*AIM OF THE TASK*
Beginning with the first line, return the material verbatim and without pictures.

--- THE DATA Enclosed Below ---

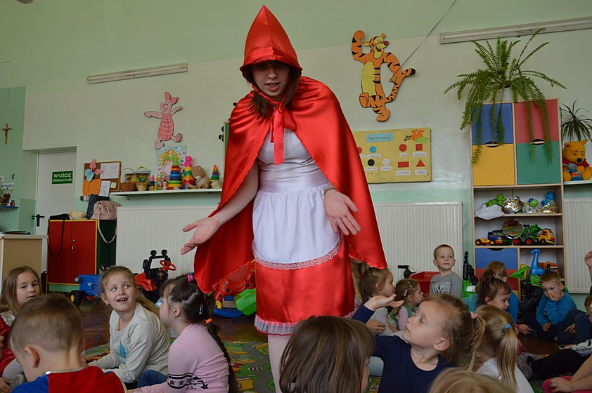 Pani Paulina wcieliła się w rolę Czerwonego Kapturka, kóry zagubił się idąc do swojej babci. Z pomocą dzieci, które napotkały wiele ciekawym zadań, udało się pomóc zagubionej dziewczynce, która mogła wrócić do swojej bajki i pójść do babci.
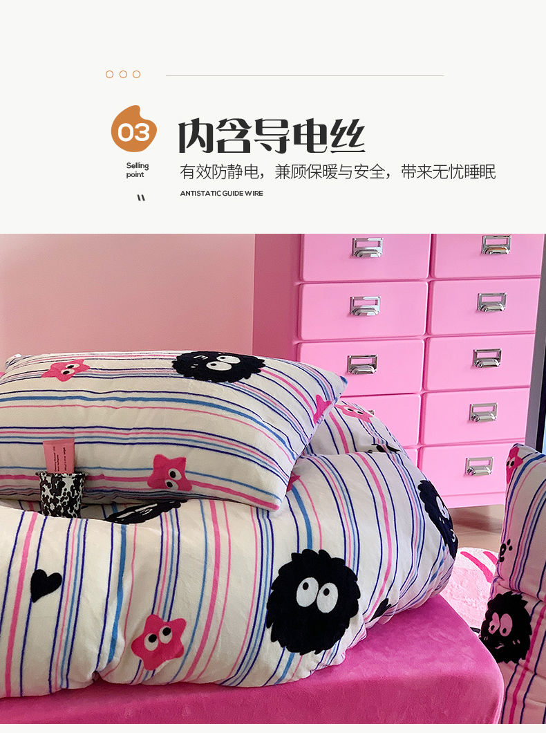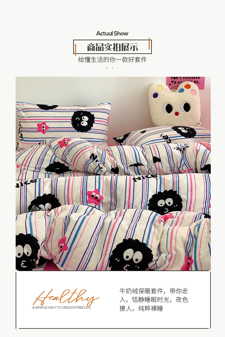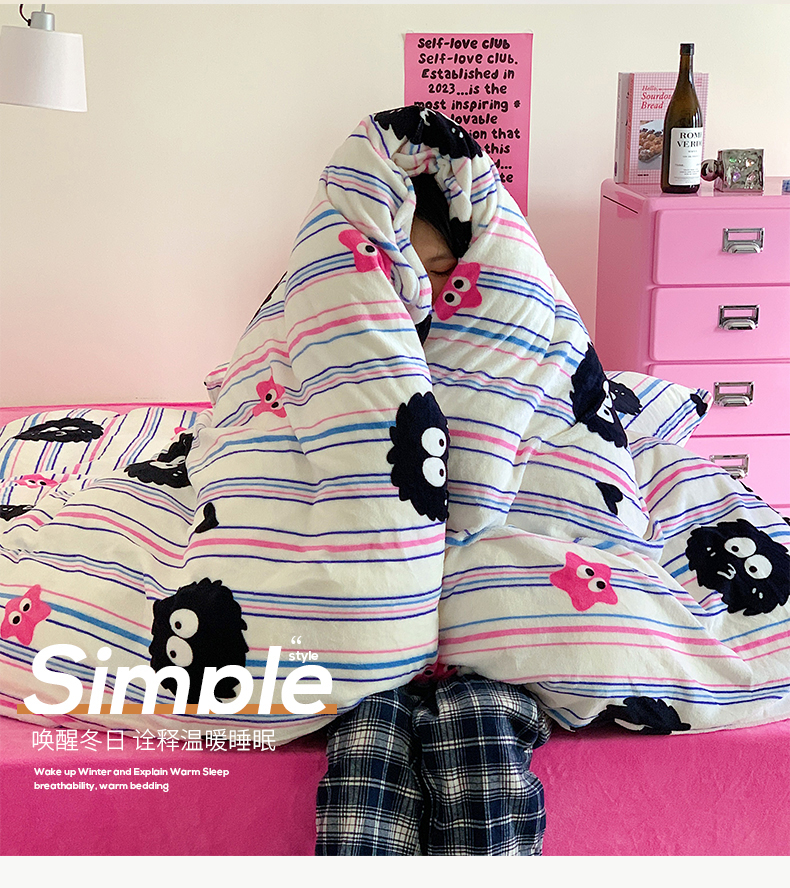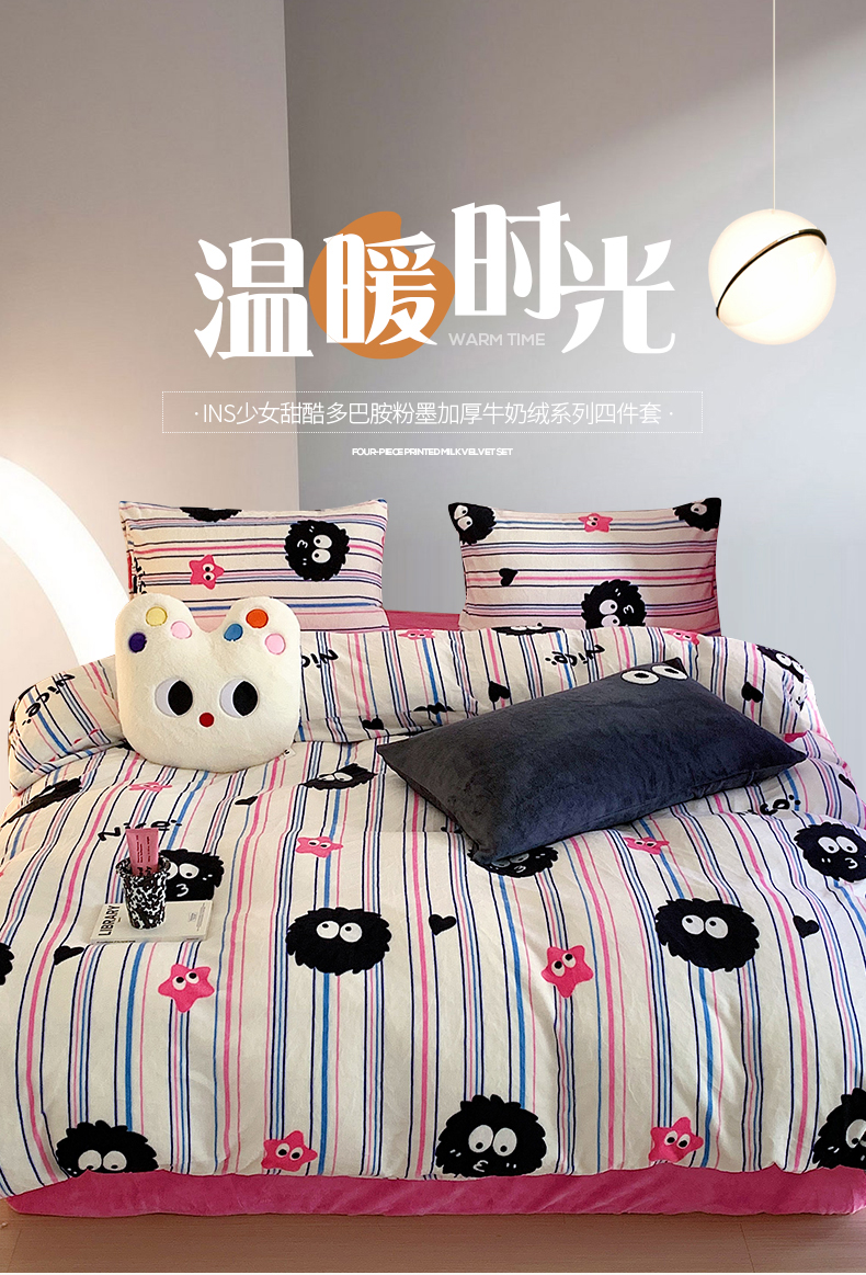 桃子家居 2023新款ins少女甜酷多巴胺粉墨加厚牛奶绒系列四件套 绒-条纹毛球
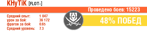 | ЭМ | ussr | 2 | Сторожевой | 7 | 42.86 | 185 | 5434 | 0.43 | 0 | 0 | 0 | 11 | 41.56 | 0 | 0 | 0 | 0 | 394 | 18585 | 1 | 0 | 0 | 0 | 0 | 0.43 | 178 | 2015-10-20 22:22:48 |

--- End of Enclosed THE DATA ---

*SOLVED PROBLEM*
 Pani Paulina wcieliła się w rolę Czerwonego Kapturka, kóry zagubił się idąc do swojej babci. Z pomocą dzieci, które napotkały wiele ciekawym zadań, udało się pomóc zagubionej dziewczynce, która mogła wrócić do swojej bajki i pójść do babci.
 桃子家居 2023新款ins少女甜酷多巴胺粉墨加厚牛奶绒系列四件套 绒-条纹毛球
 | ЭМ | ussr | 2 | Сторожевой | 7 | 42.86 | 185 | 5434 | 0.43 | 0 | 0 | 0 | 11 | 41.56 | 0 | 0 | 0 | 0 | 394 | 18585 | 1 | 0 | 0 | 0 | 0 | 0.43 | 178 | 2015-10-20 22:22:48 |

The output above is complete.